The name of the table that you want analyzed.

estimateStatistics

A Boolean that specifies whether you want statistics generated by sampling the specified sampling percentage of the table. This can significantly reduce the overhead associated with generating statistics. Setting this parameter to false specifies that statistics are to be generated based on the full table.

samplePercent

A value between 0 and 100 that specifies the sampling percentage to use when generating statistics for this table. This value defaults to 10 percent, and is only used if estimateStatistics is set to true.

bulkImportHFile

This method efficiently imports data into your Splice Machine database by first generating HFiles and then importing those HFiles; it is the same as using the Splice Machine SYSCS_UTIL.BULK_IMPORT_HFILE system procedure.

You can either pass the data to this method in a DataFrame, or you can pass the data in an RDD, and pass in a structure (the Catalyst schema) that specifies the organization of the data.

bulkImportHFile( dataFrame: DataFrame,
                 schemaTableName: String,
                 options: scala.collection.mutable.Map[String, String] ): Unit

bulkImportHFile( rdd: JavaRDD[Row],
                 schema: StructType,
                 schemaTableName: String,
                 options: scala.collection.mutable.Map[String, String] ): Unit

dataFrame

The DataFrame containing the rows that you want imported into your database table.

schemaTableName

The combined schema and table names, in the form: mySchema.myTable.

rdd

The RDD containing the data the you want imported into your database table.

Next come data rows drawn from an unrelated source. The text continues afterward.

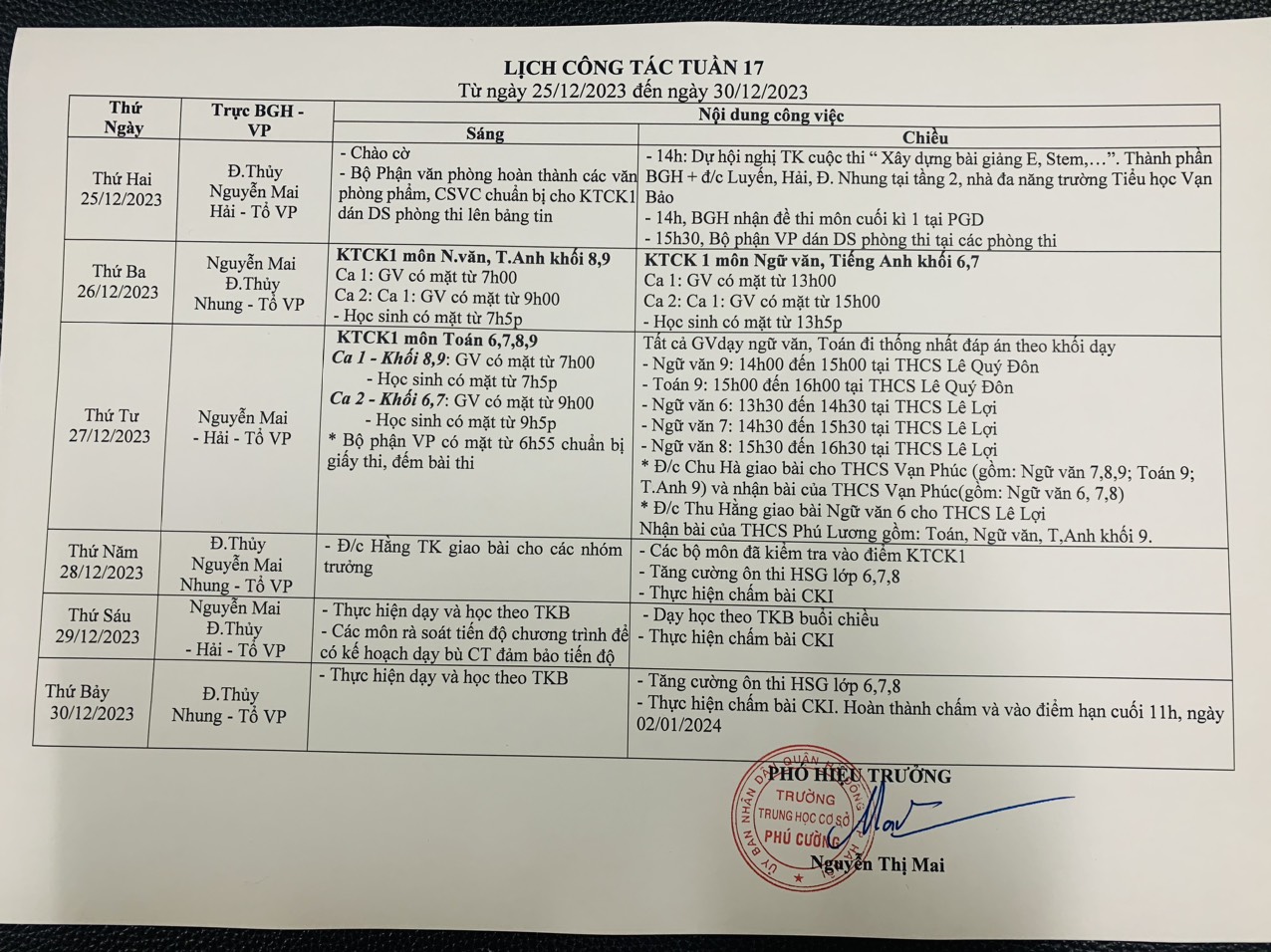 LỊCH CÔNG TÁC TUẦN 17 NĂM HỌC 2023-2024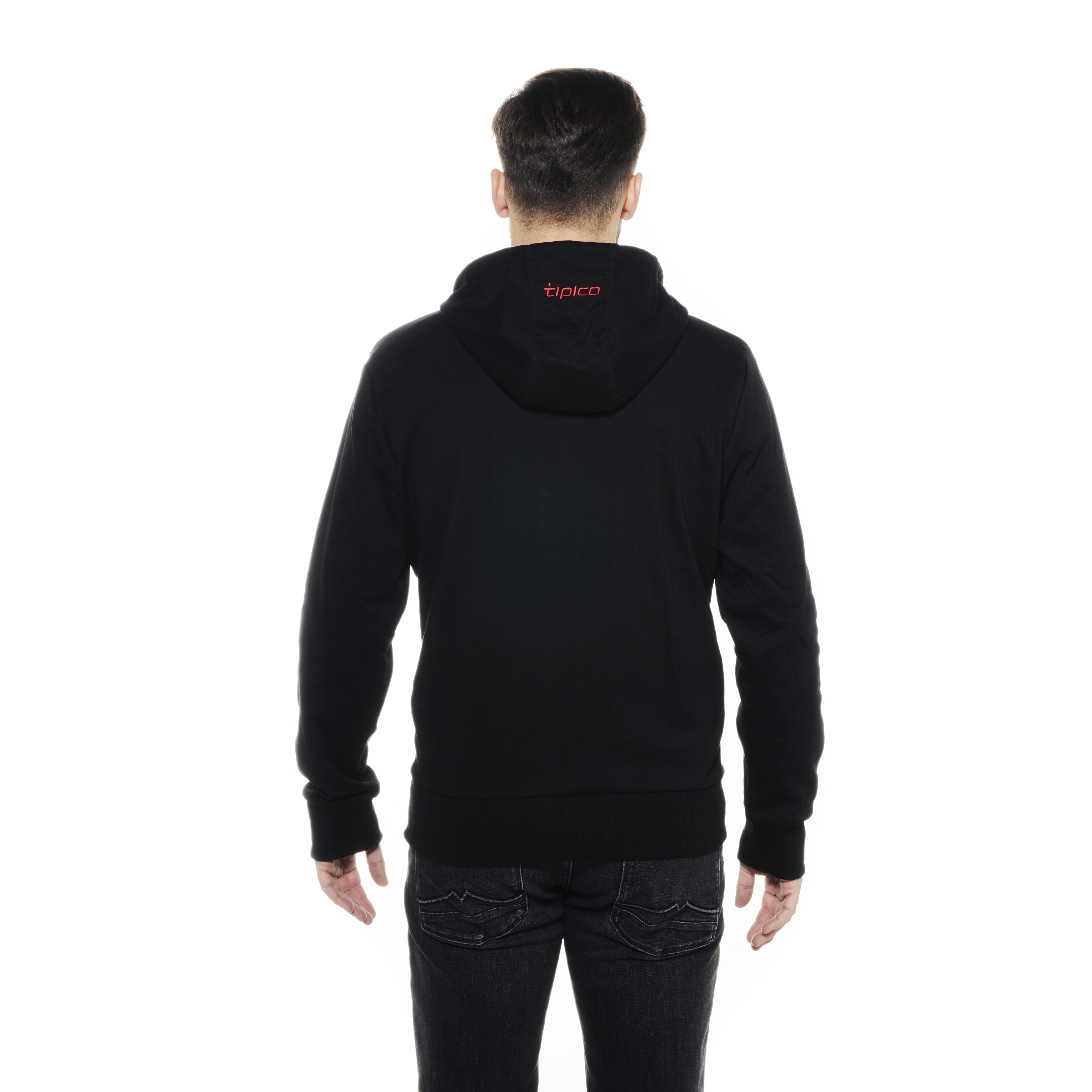 Die Zip Jacke mit Kapuze ist aus hochwertigem Interlock-Material gefertigt. Durch den hohen Baumwollanteil weist die Zip Jacke einen hohen Tragekomfort auf und ist atmungsaktiv. Die Jacke verfügt über eine Kapuze mit Kontrastfutter in der Farbe rot, praktische Seitentaschen mit Reißverschluss und gebrandete Zipperpuller. Auf der linken Brust findet sich ein Tipico Schriftzug, welcher zusätzlich auf die Kapuze gestickt wurde. Rote Kordeln und gerippte Bündchen runden das ansprechende Design ab.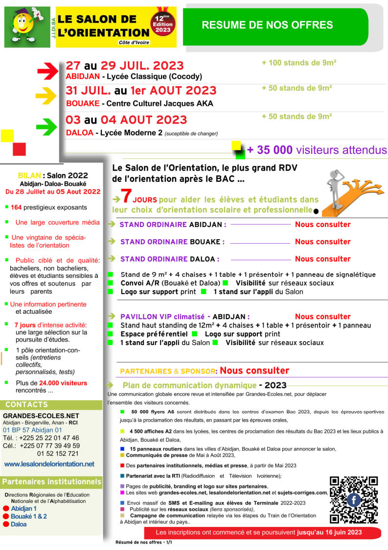 E-mail : info@lesalondelorientation.net , salon.orientationci@gmail.com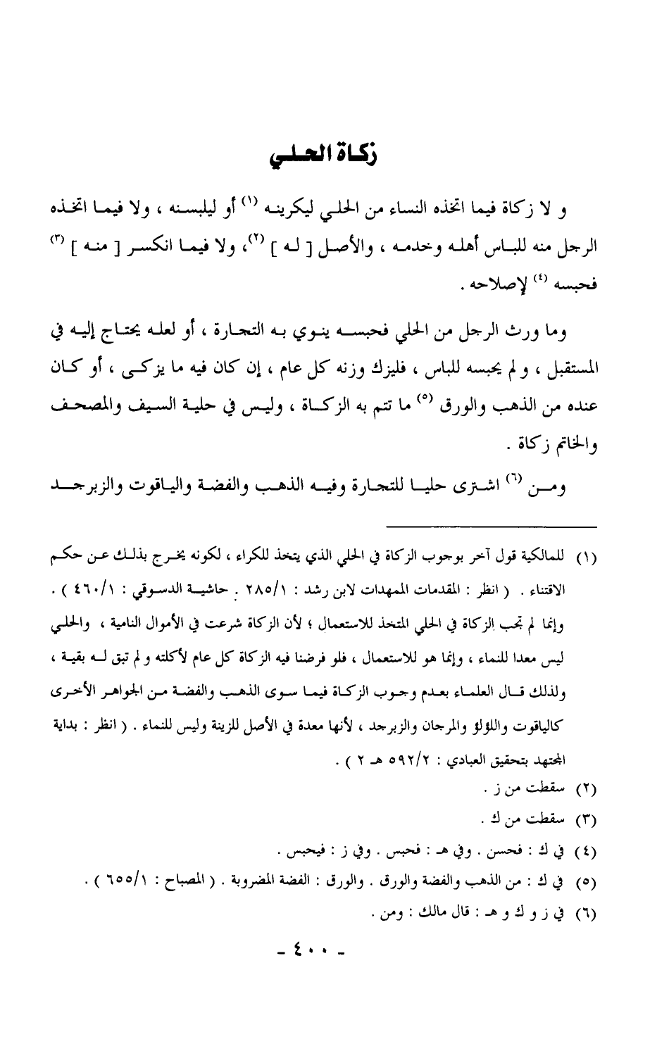 527 - ولا زكاة فيما اتخذه النساء من الحلي ليكرينه أو ليلبسنه، ولا فيما اتخذه الرجل منه للباس أهله وخدمه، والأصل [له] ، ولا فيما انكسر [منه] فحبسه لإصلاحه. (¬1)

The Catalyst schema of the master table.

A structure that specifies the layout of the data in the RDD.

options

A collection of (key, value) pairs specifying the import options. For example, you can specify that sampling is not to be used with a statement like this:

    val bulkImportOptions = scala.collection.mutable.Map( "skipSampling" -> "true" )

createTable

This method creates a new table in your Splice Machine database; it is the same as using the Splice Machine CREATE TABLE SQL statement.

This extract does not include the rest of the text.